Interpolating the gappy data with `parInterpolate()`

Interpolation is performed on the gappy data, using parallel computing for efficiency. The user can choose from a list of 18 built-in interpolators:

| Package | Function | Algorithm name | Abbreviation | |:--------|:--------------------|:--------------------------------|----------:| | interpTools | nearestNeighbor() | Nearest Neighbor | NN | | zoo | na.approx() | Linear Interpolation | LI | | zoo | na.spline() | Natural Cubic Spline | NCS | | zoo | na.spline() | FMM Cubic Spline | FMM | | zoo | na.spline() | Hermite Cubic Spline | HCS | | imputeTS | na_interpolation() | Stineman Interpolation | SI | | imputeTS | na_kalman() | Kalman - ARIMA | KAF | | imputeTS | na_kalman() | Kalman - StructTS | KKSF | | imputeTS | na.locf() | Last Observation Carried Forward | LOCF | | imputeTS | na.locf() | Next Observation Carried Backward | NOCB | | imputeTS | na_ma() | Simple Moving Average | SMA | | imputeTS | na_ma() | Linear Weighted Moving Average | LWMA | | imputeTS | na_ma() | Exponential Weighted Moving Average | EWMA | | imputeTS | na_mean() | Replace with Mean | RMEA | | imputeTS | na_mean() | Replace with Median | RMED | | imputeTS | na_mean() | Replace with Mode | RMOD | | imputeTS | na_random() | Replace with Random | RRND | | tsinterp | interpolate() | Hybrid Wiener Interpolator | HWI |

or pass in their own functions, so long as its returned value is a single numeric vector.
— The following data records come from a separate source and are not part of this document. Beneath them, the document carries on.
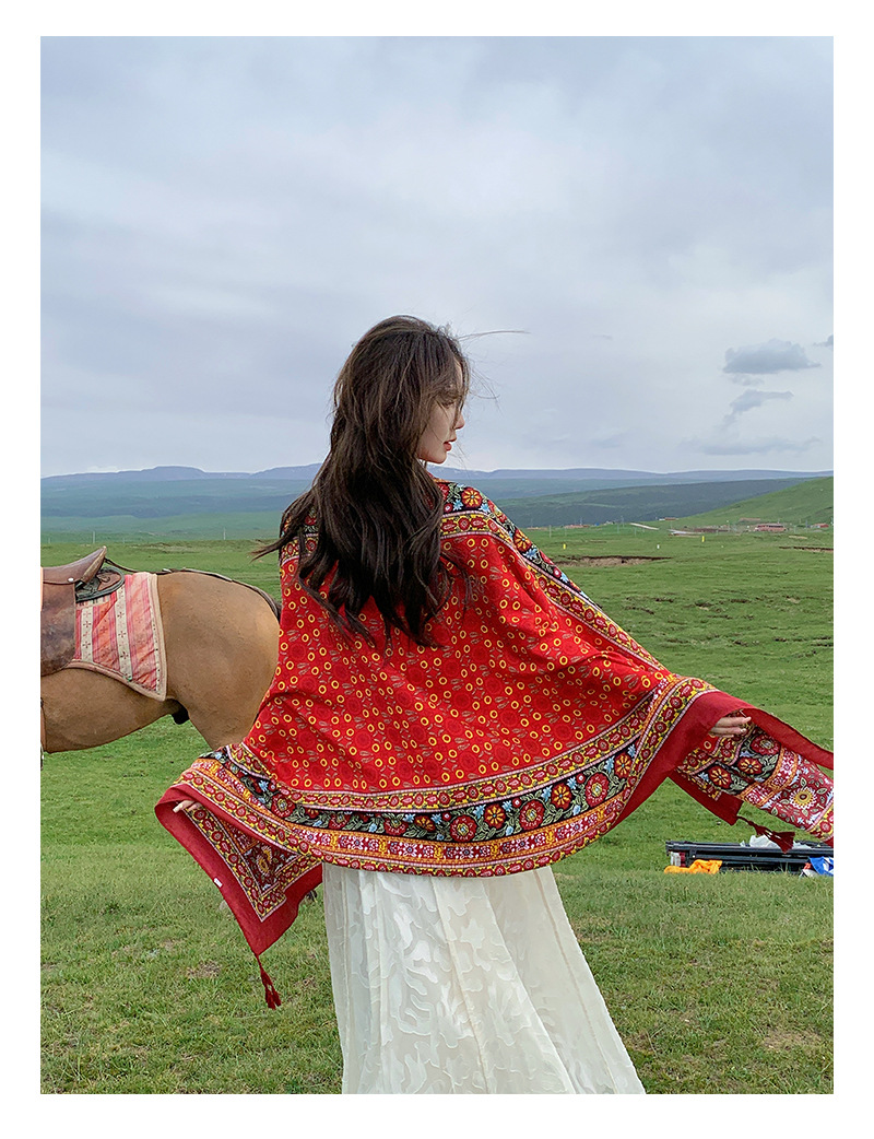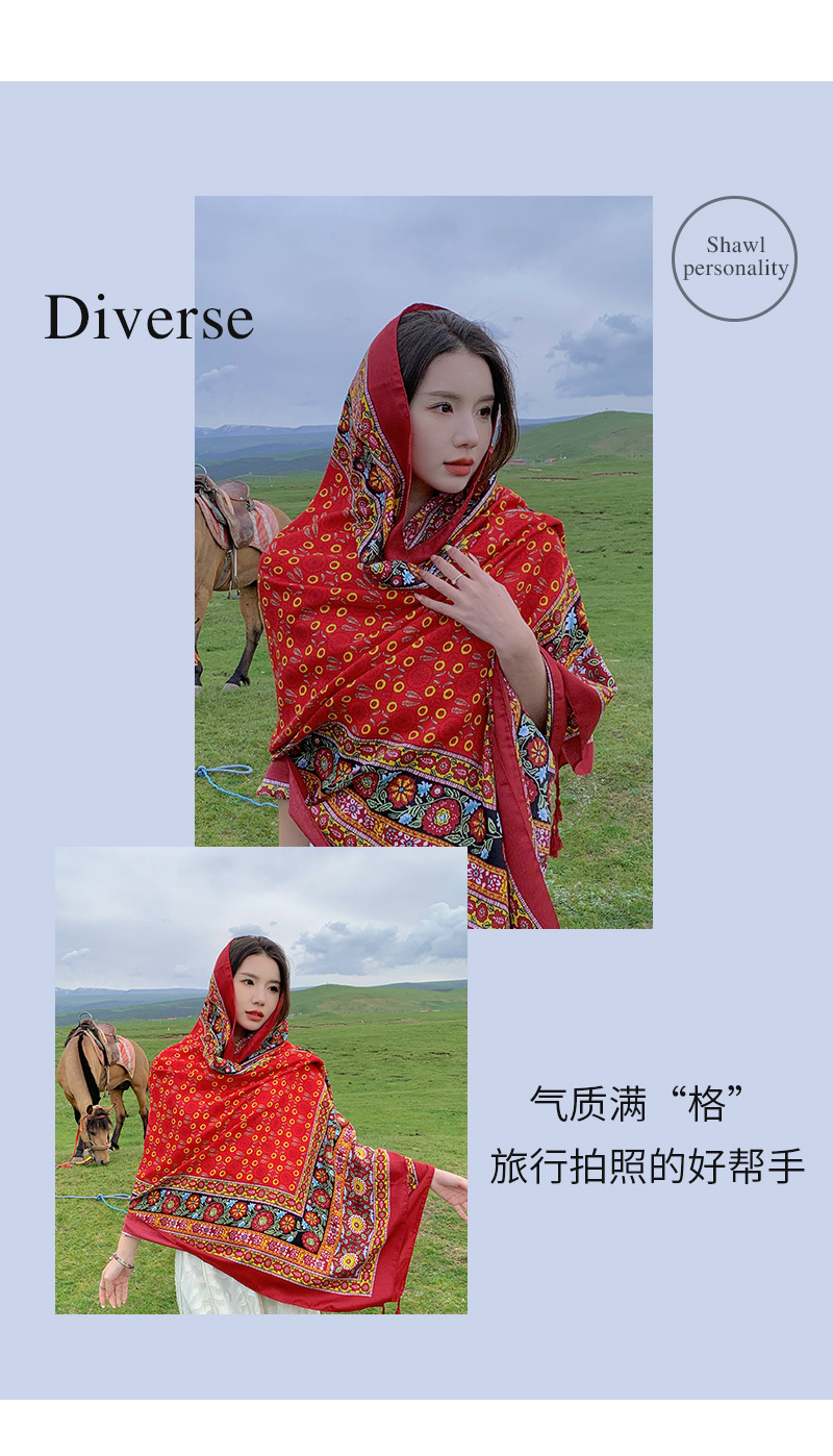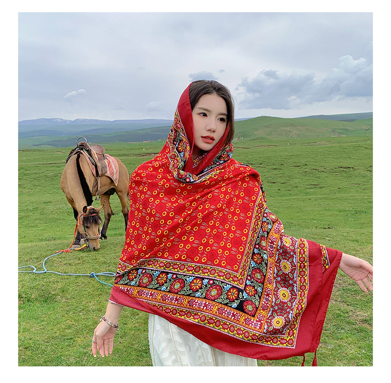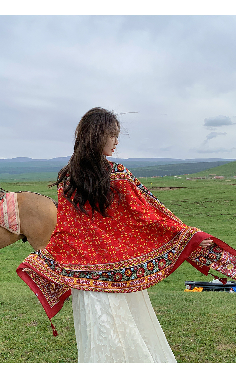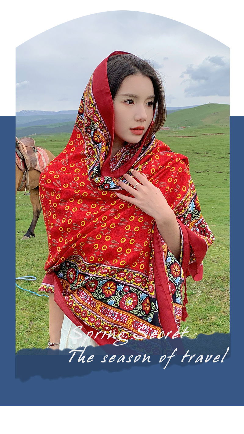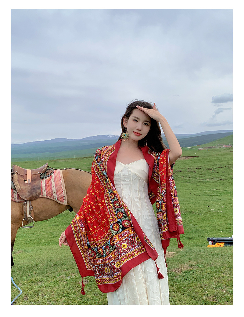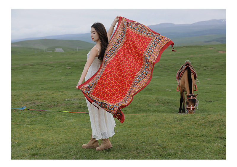 레드 자외선 차단제 숄 여성용 여름 얇은 윈난 리장 관광 스카프 사막 실크 스카프 에스닉 스타일 스카프 비치 스카프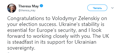"Поздравляю Владимира Зеленского с успехом на выборах. Стабильность Украины имеет важнейшее значение для безопасности Европы, и я рассчитываю на тесное сотрудничество с вами. Великобритания твердо поддерживает суверенитет Украины", - написала Тереза Мэй в своем микроблоге в соцсети Twitter.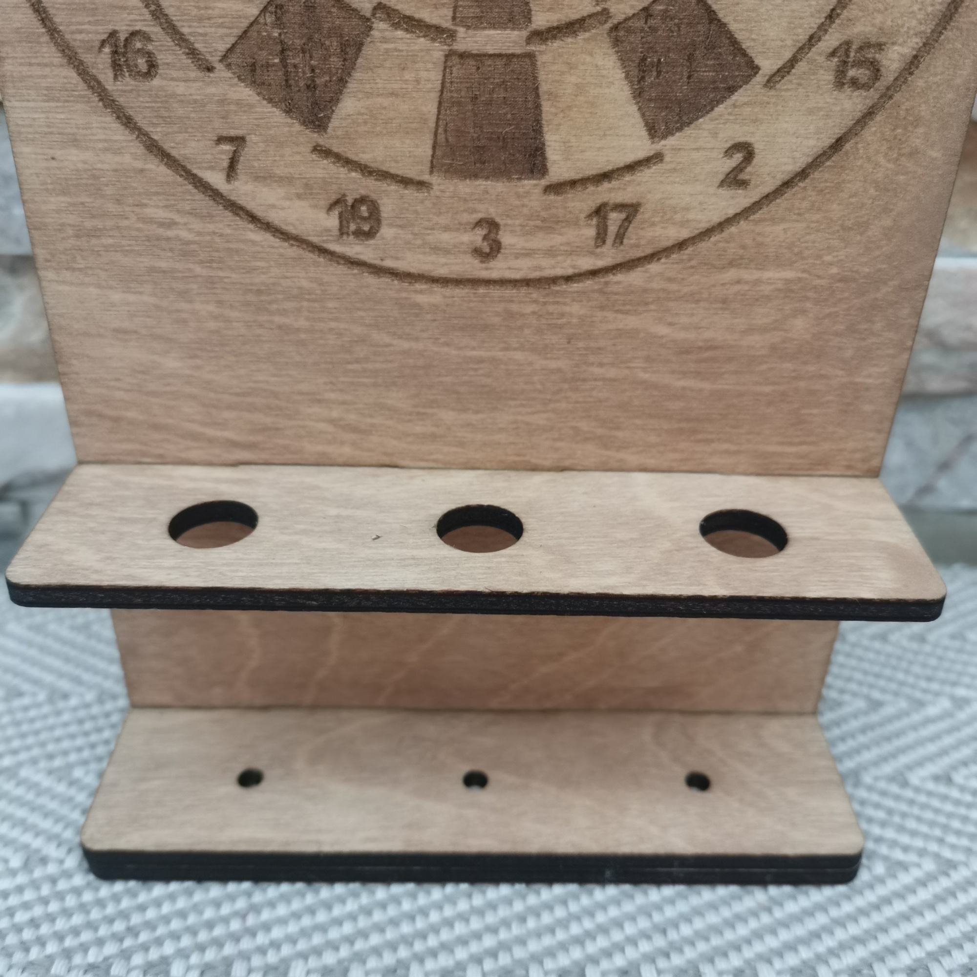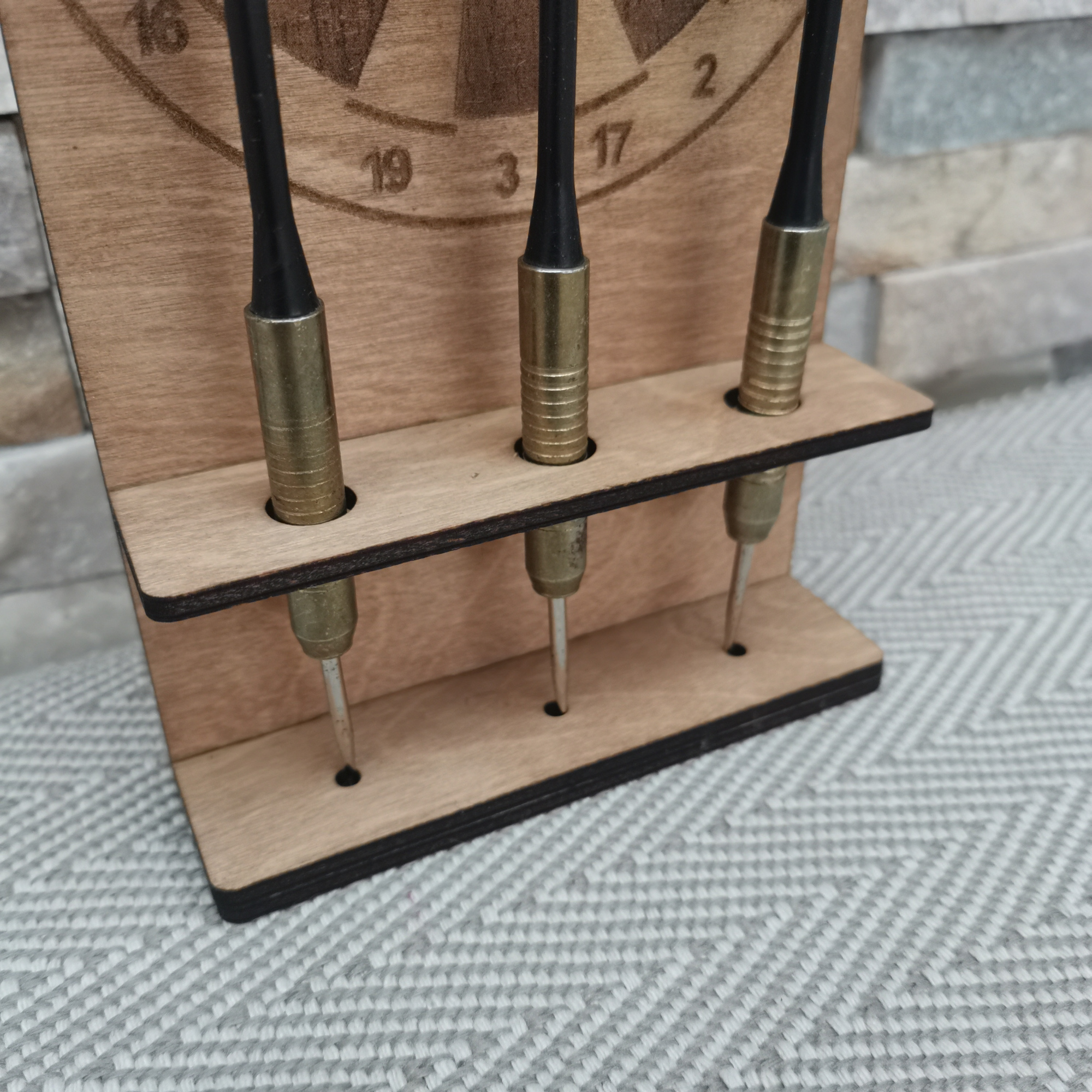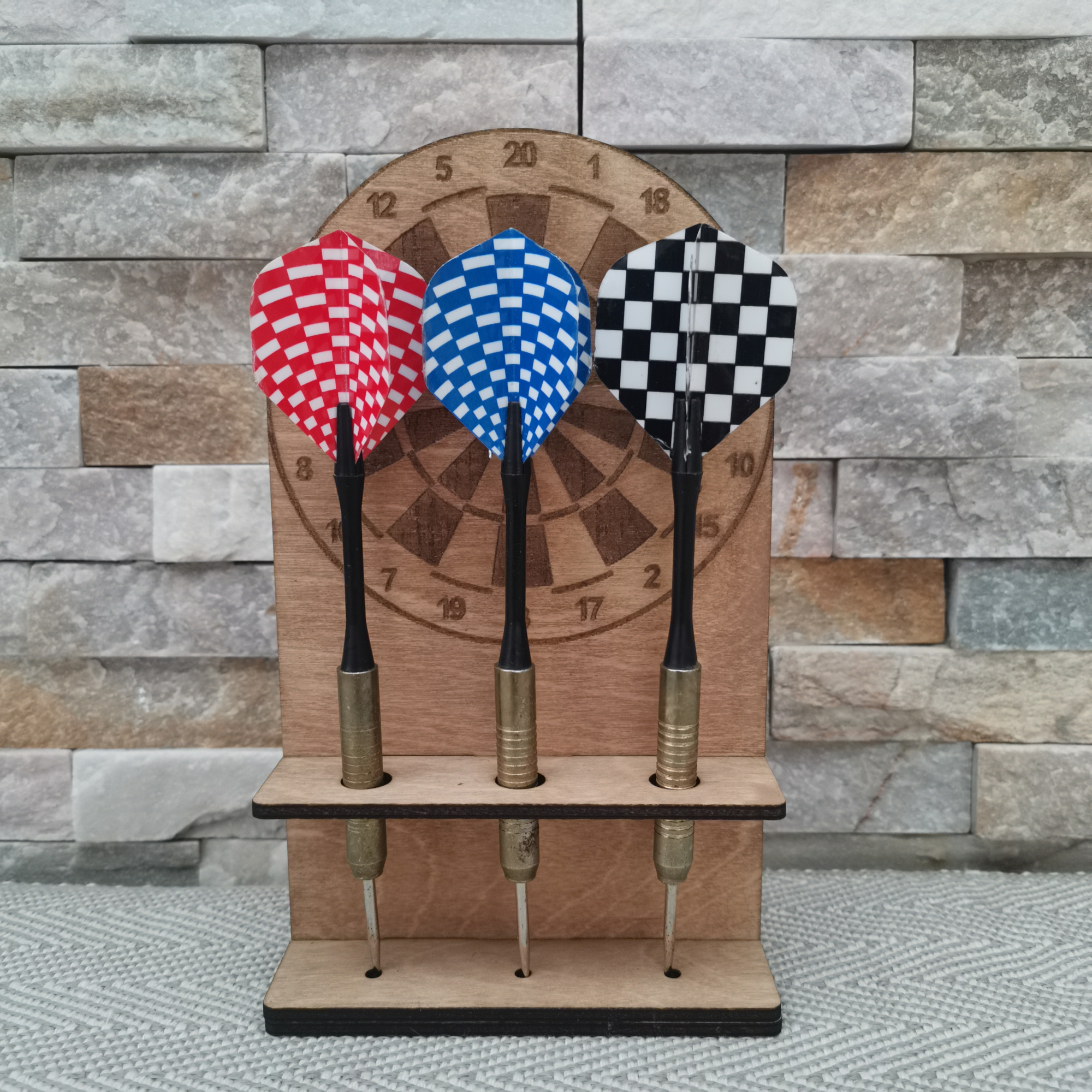 Ce support est conçu pour accueillir 3 fléchettes et les maintenir bien droites, sans les abîmer. Il est stable, compact et trouve facilement sa place près d’une cible.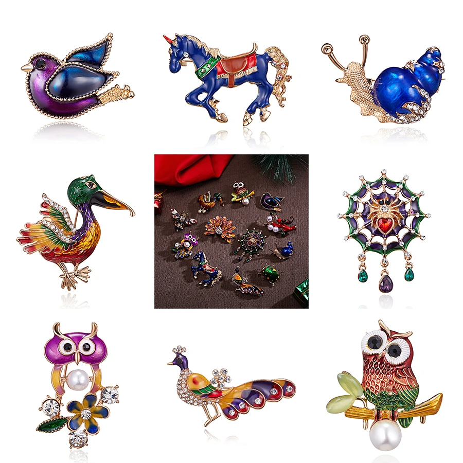 Эмалированная брошь в виде летающих птиц, булавки, лошадь, улитка, корморант, паутина, паук, Сова, павлин, птицы, насекомые, брошь в виде животного, рождественские подарки
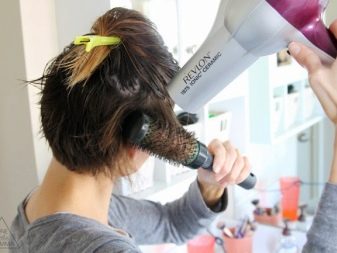 - When styling short hair is done with curlers, the first must be wet. In addition, natural drying takes a long time. Therefore, they must be wound either at night, or use a hairdryer.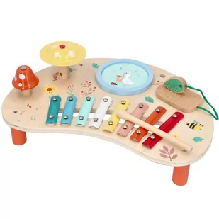 Stolik muzyczny dla dzieci Jest to wspaniały prezent dla jeśli masz w domu małego melomana który uwielbia odkrywać nowe dźwięki i świetnie się przy tym bawić, stolik będzie stanowił idealny prezent który dzięki solidnej drewnianej konstrukcji osadzonej na 4 nóżkach będzie zapewniał zabawę Twojemu maluszkowi przez długie lata. Marka: LELIN Symbol: L21032 Wiek: 1+ Co możemy znaleźć na muzycznym stoliku Na stoliku znajdziemy pięć głównych elementów: Ośmiotonowe cymbałki Bębenek (z wizerunkiem gęsi) Metalowego czerwonego grzybka Metalowy żółty talerzyk Gueiro (instrument perkusyjny używany w muzyce latynoamerykańskiej) Wymiary Wysokość: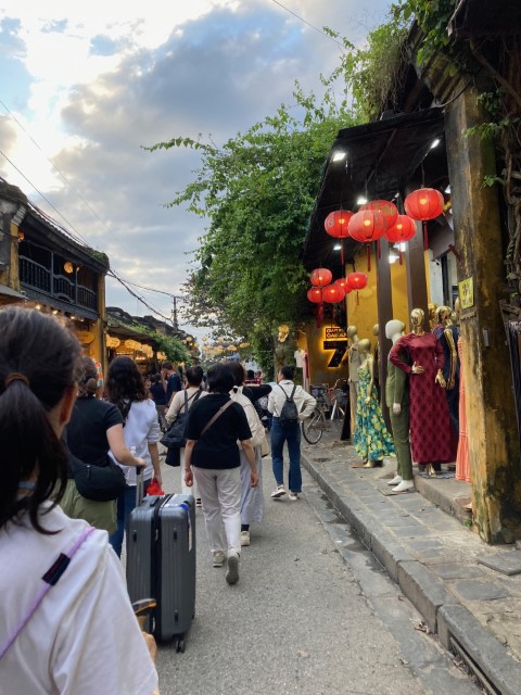 今回は北部のハノイと南部のホー・チミンに加えて1泊だけ中部の街、ホイアンをプログラムに入れました。ベトナムという国を初めて訪れる人も多い中、いわゆる「東京と大阪の間にベトナム戦争の影響を受けていない古都があり、かつては貿易の街として栄え鎖国前の日本人も移住して日本人街があった、そして今やこのレトロで可愛い街並みが世界遺産となっている」と聞けば行かない手はありません、ユーラシア旅行社さんのご提案で研修の中抜きとして入れた癒しの街、ホイアン。ベトナム第3の都市、ダナンの空港より40分くらいで到着です。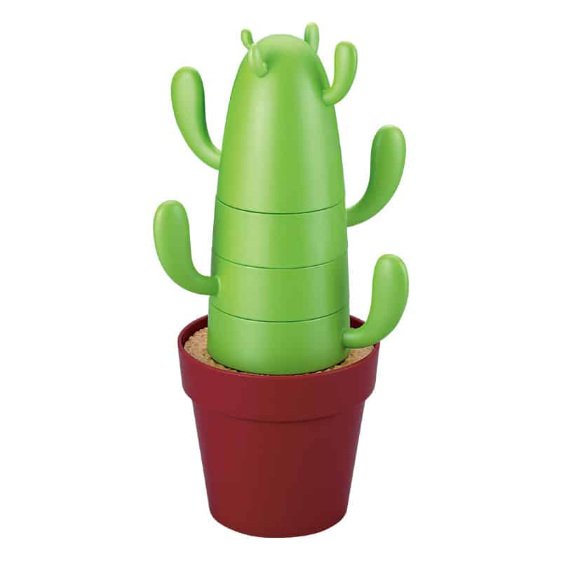 רק כשמתקרבים ונוגעים בקקטוס (אל דאגה! זה ללא קוצים!), מגלים שהוא מתפרק לסט מרהיב של כוסות עם ידיות וכפיות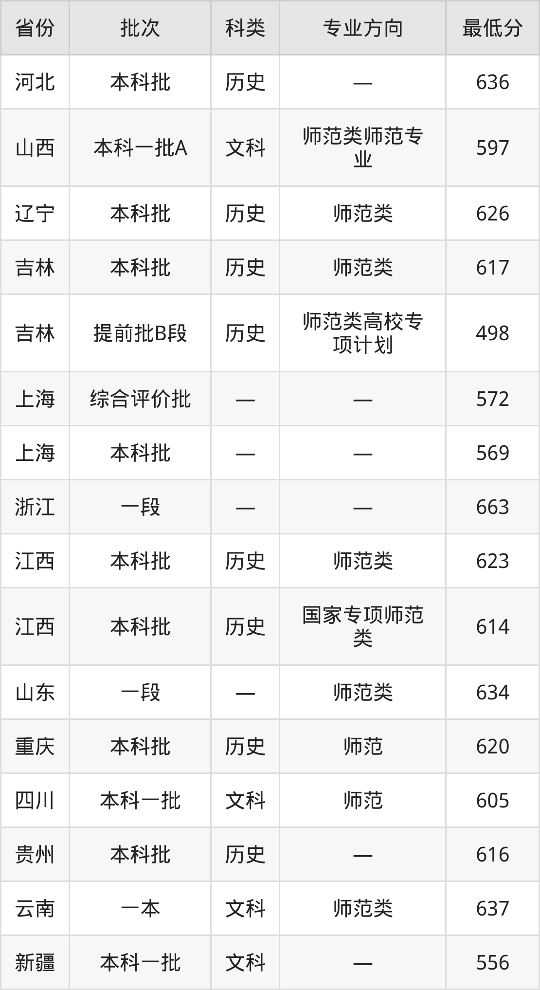 华东师范大学教育学类专业录取分数线从498分到663分不等,在部分地区的最低分数线如下:

Evaluating statistical performance with `performance()`

Here, statistical performance is defined as some measure that quantifies the overall degree of deviation between the original values and the interpolated values. Performance metrics that are built-in to the package are shown below:

| Criterion | Abbreviation | Optimal | |:----------|:-------------|:--------| | Correlation Coefficient | r | max | | Coefficient of Determination |r^2 | max | | Absolute Differences | AD | min | | Mean Bias Error | MBE | min | | Mean Error | ME | min | | Mean Absolute Error | MAE | min | | Mean Relative Error | MRE | min | | Mean Absolute Relative Error | MARE | min | | Mean Absolute Percentage Error | MAPE | min | | Sum of Squared Errors | SSE | min | | Mean Square Error | MSE | min | | Root Mean Squares | RMS | min | | Normalized Mean Square Error | NMSE | min | | Nash-Sutcliffe Coefficient | RE | max | | Root Mean Square Error | RMSE | min | | Normalized Root Mean Square Deviations | NRMSD | min | | Root Mean Square Standardized Error | RMSS | min | | Median Absolute Percentage Error | MdAPE | min |

See metric_definitions.pdf in the package files for the mathematical definitions of each performance metric shown above.

Aggregating the performance metrics within each gap specification with `aggregate_pf()`

Statistics are computed on the sampling distribution of the performance metrics across the K interpolations in each (p,g) gap specification. Below is a list of all the available aggregation methods:

mean
standard deviation
0\% quantile (minimum)
2.5\% quantile
25\% quantile
50\% quantile (median)
75\% quantile
97.5\% quantile
100\% quantile (maximum)
IQR (75\% quantile - 25\% quantile)
skewness
p-value of dip test for unimodality

Visualizing performance as a surface plot with `plotSurface()`

A three-dimensional interactive surface is used to visualize the aggregated performance of an interpolator as the structure of the gappy data changes. Through R's interface, the user can interact with the surface plot widgets by manipulating the camera perspective, adjusting the zoom, and hovering over data points for precise numerical information.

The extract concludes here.